**Recorded data**
******************************
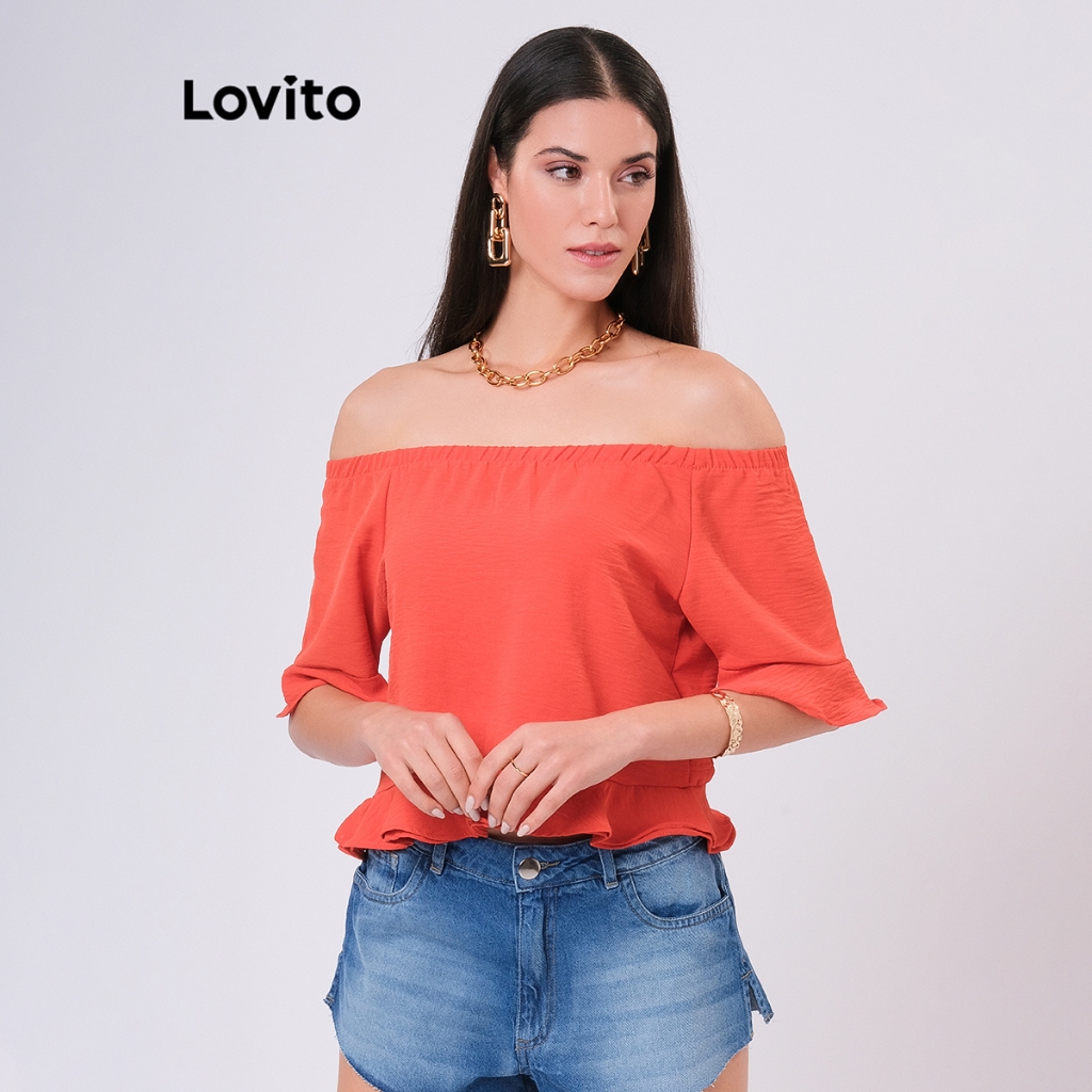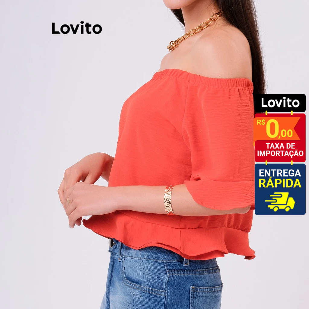 Lovito Blusa Ombro a Ombro com Babados Ciganinha Basica Feminina LB11BRL040
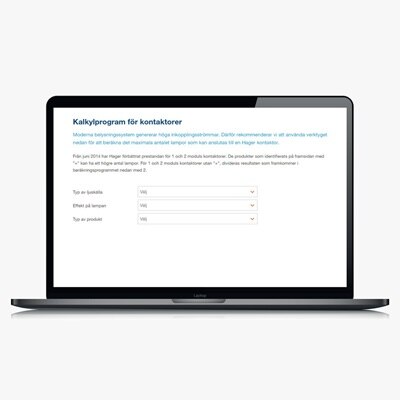 Hager har flera konfiguratorer och beräkningsprogram som snabbt och enkelt hjälper dig att räkna ut rätt antal produkter till ditt projekt. På så sätt förenklas beställningen och du slipper missa några produkter.
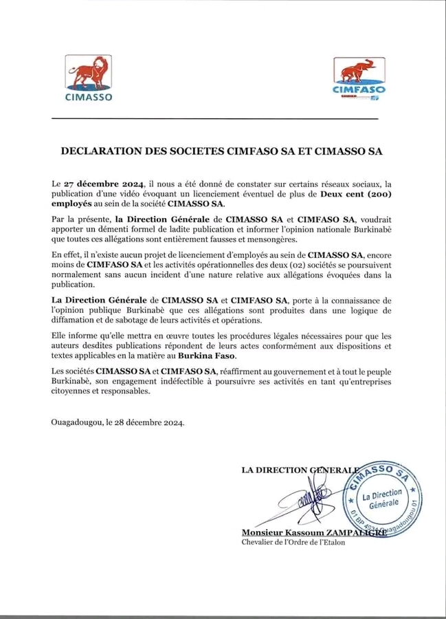 Ceci est un démenti de la Direction générale de CIMASSO et CIMFASO SA sur...
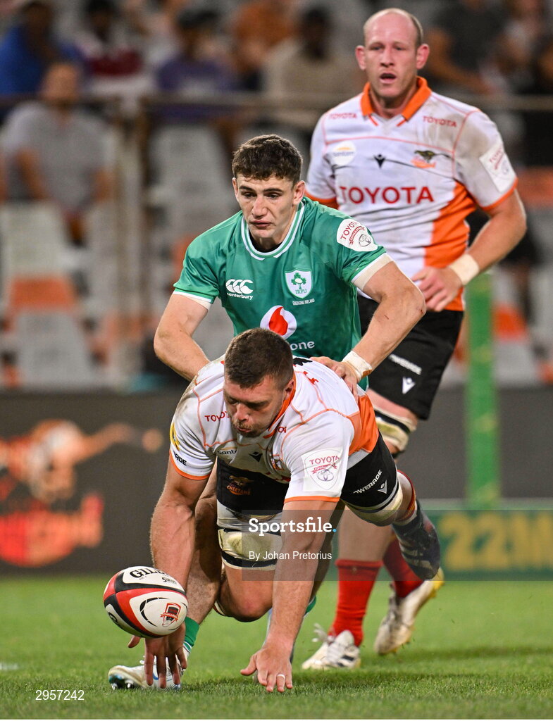 9 October 2024; Cormac Foley of Ireland, centre, during the Toyota Challenge Match between Toyota Cheetahs and Emerging Ireland at Toyota Stadium in Bloemfontein, South Africa. Photo by Johan Pretorius/Sportsfile
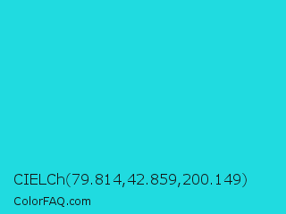 CIELCh 79.814,42.859,200.149 Color is a normal cyan color and the nearest color is Bright Turquoise #08e8de. Hex code #20dbe0 and RGB value is rgb(32,219,224). In RGB color space, this color is composed of 13% red, 86% green, 88% blue, In CMYK color space, this color is composed of 86% cyan, 2% magenta, 0% yellow , 12% black , In HSL color space, this color has a hue angle of 182° , 76% saturation and 50% lightness.
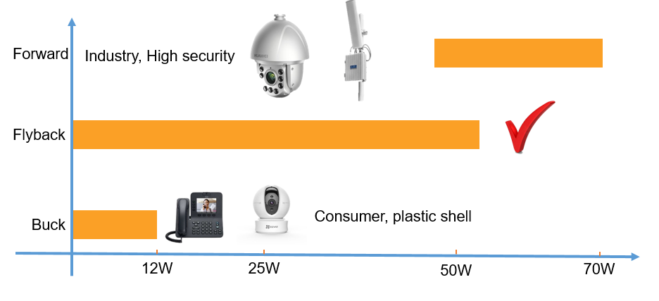 综合考虑成本和应用场合。非隔离拓扑成本低,但是安全性不高,主要在小功率消费类产品中应用,例如IP-phnoe以及室内IP-camera等。隔离类拓扑,安全性高,在室外或者大功率的应用场合比较常见,例如工业AP或者5G小基站等等。
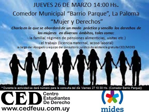 El MIDES y el Centro de Estudiantes de Derecho darán una charla sobre Mujer y derechos en diversos ámbitos tales como la familia (régimen de pensiones alimenticias,, visitas, etc; el trabajo, la licencia maternal y el acoso laboral.
******************************
**Activity**
Could you restate every record above word for word, leaving the pictures out?

**Output below**
 Lovito Blusa Ombro a Ombro com Babados Ciganinha Basica Feminina LB11BRL040
 Hager har flera konfiguratorer och beräkningsprogram som snabbt och enkelt hjälper dig att räkna ut rätt antal produkter till ditt projekt. På så sätt förenklas beställningen och du slipper missa några produkter.
 Ceci est un démenti de la Direction générale de CIMASSO et CIMFASO SA sur...
 9 October 2024; Cormac Foley of Ireland, centre, during the Toyota Challenge Match between Toyota Cheetahs and Emerging Ireland at Toyota Stadium in Bloemfontein, South Africa. Photo by Johan Pretorius/Sportsfile
 CIELCh 79.814,42.859,200.149 Color is a normal cyan color and the nearest color is Bright Turquoise #08e8de. Hex code #20dbe0 and RGB value is rgb(32,219,224). In RGB color space, this color is composed of 13% red, 86% green, 88% blue, In CMYK color space, this color is composed of 86% cyan, 2% magenta, 0% yellow , 12% black , In HSL color space, this color has a hue angle of 182° , 76% saturation and 50% lightness.
 综合考虑成本和应用场合。非隔离拓扑成本低,但是安全性不高,主要在小功率消费类产品中应用,例如IP-phnoe以及室内IP-camera等。隔离类拓扑,安全性高,在室外或者大功率的应用场合比较常见,例如工业AP或者5G小基站等等。
 El MIDES y el Centro de Estudiantes de Derecho darán una charla sobre Mujer y derechos en diversos ámbitos tales como la familia (régimen de pensiones alimenticias,, visitas, etc; el trabajo, la licencia maternal y el acoso laboral.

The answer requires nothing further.